Work instructions:
Leaving out the pictures, output the lines from the one that contains "ที่เพิ่งเปิดสถิติ 'Year in Search" through the end of the material, exactly as they stand.

Dataset section:
= = = =
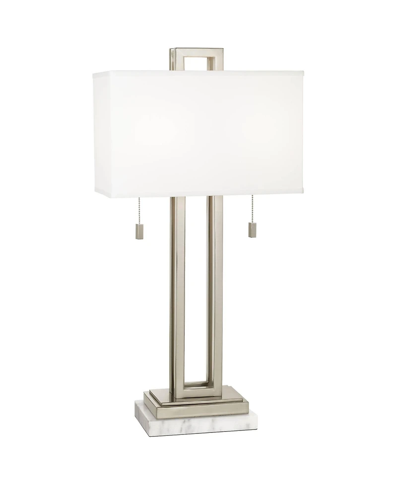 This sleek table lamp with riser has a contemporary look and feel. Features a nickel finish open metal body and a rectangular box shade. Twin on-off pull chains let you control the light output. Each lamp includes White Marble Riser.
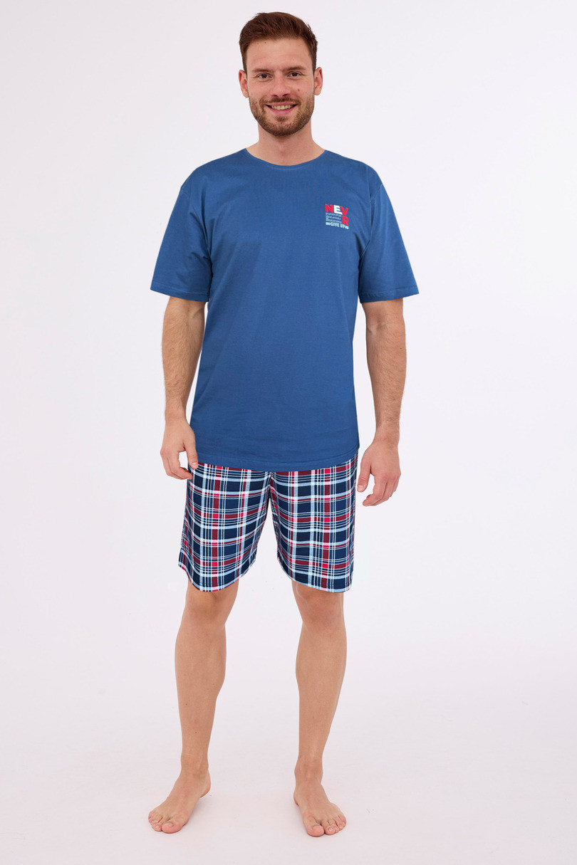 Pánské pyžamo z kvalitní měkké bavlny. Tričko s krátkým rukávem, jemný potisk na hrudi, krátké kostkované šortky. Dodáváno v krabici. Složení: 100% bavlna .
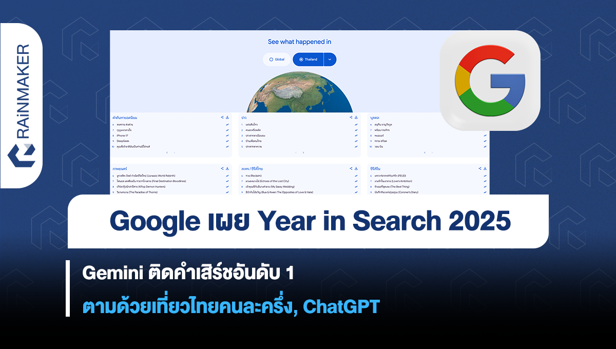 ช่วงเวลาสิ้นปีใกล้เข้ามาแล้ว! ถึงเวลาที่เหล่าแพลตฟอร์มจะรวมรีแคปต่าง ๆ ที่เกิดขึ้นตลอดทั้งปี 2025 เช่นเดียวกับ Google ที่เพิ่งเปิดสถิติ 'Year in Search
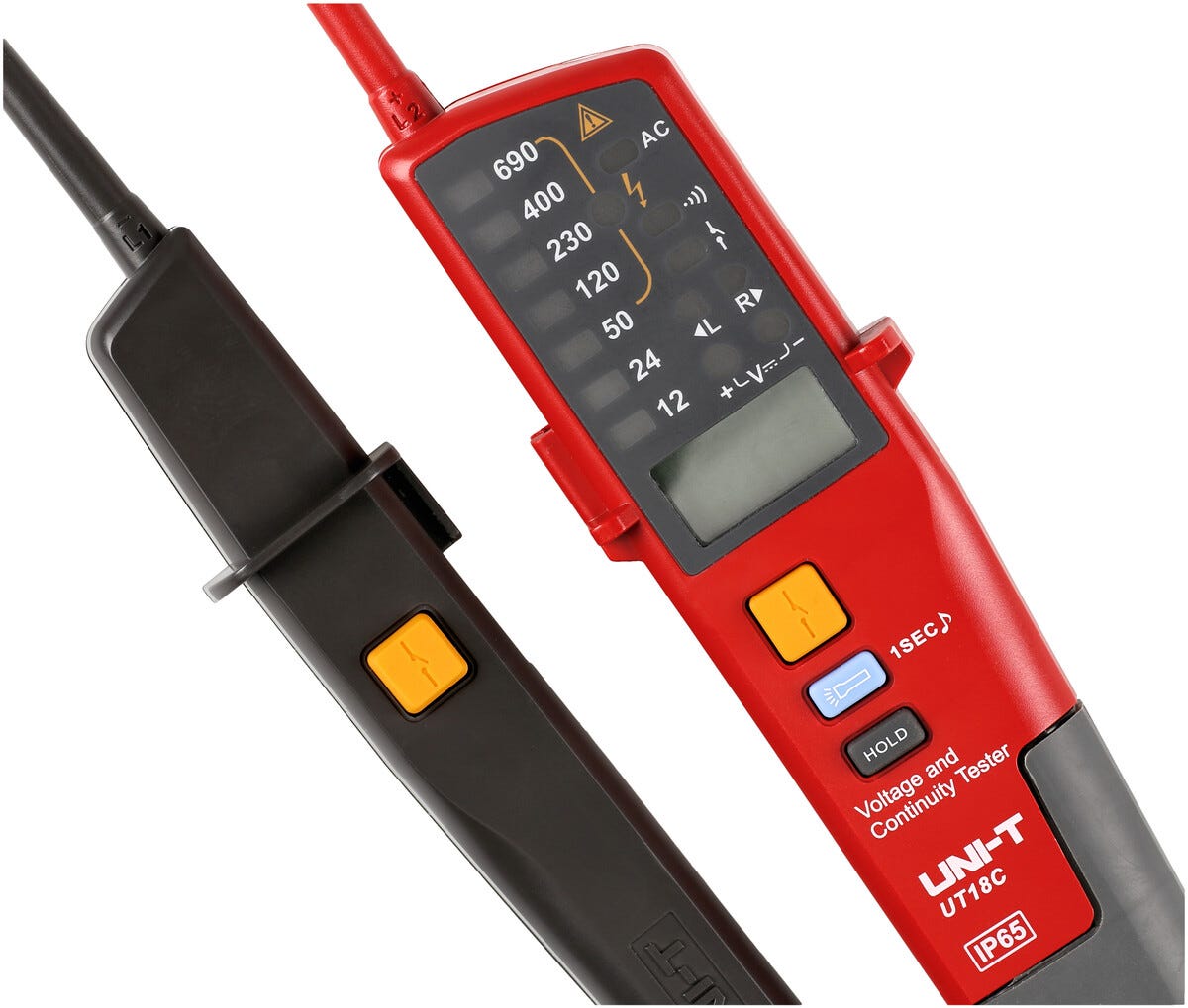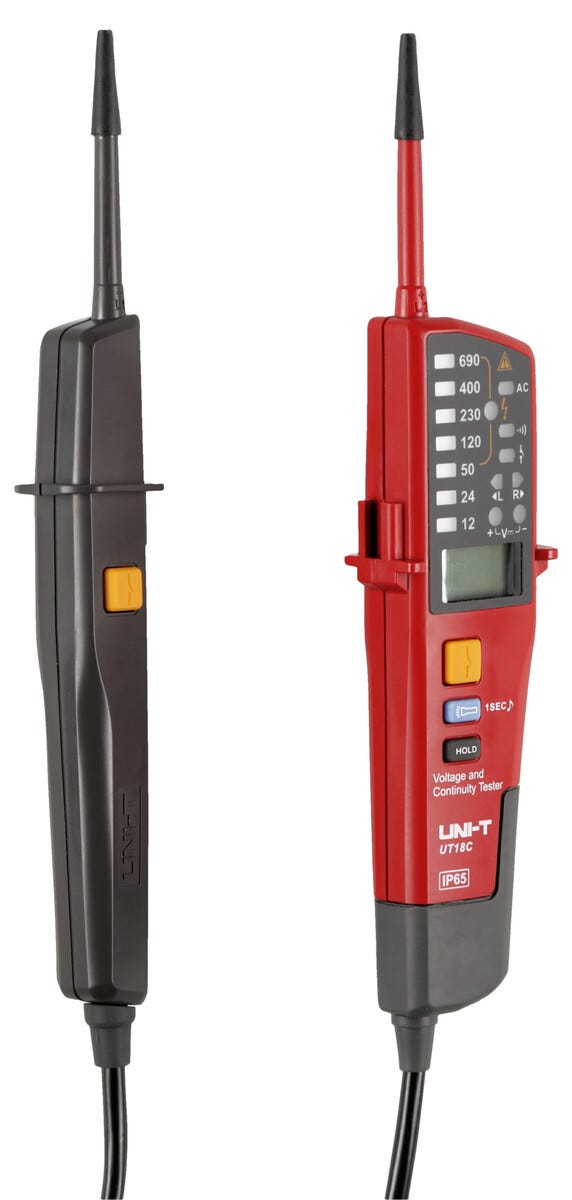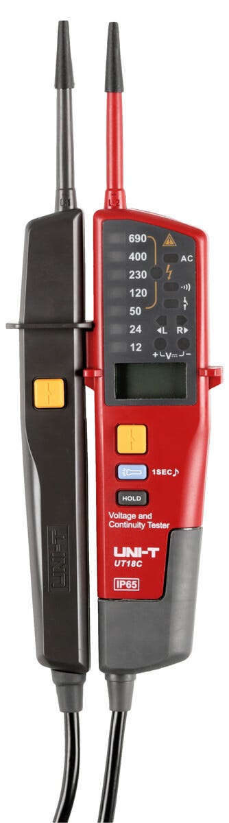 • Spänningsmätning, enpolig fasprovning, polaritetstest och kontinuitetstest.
= = = =
The answer:
 ช่วงเวลาสิ้นปีใกล้เข้ามาแล้ว! ถึงเวลาที่เหล่าแพลตฟอร์มจะรวมรีแคปต่าง ๆ ที่เกิดขึ้นตลอดทั้งปี 2025 เช่นเดียวกับ Google ที่เพิ่งเปิดสถิติ 'Year in Search
 • Spänningsmätning, enpolig fasprovning, polaritetstest och kontinuitetstest.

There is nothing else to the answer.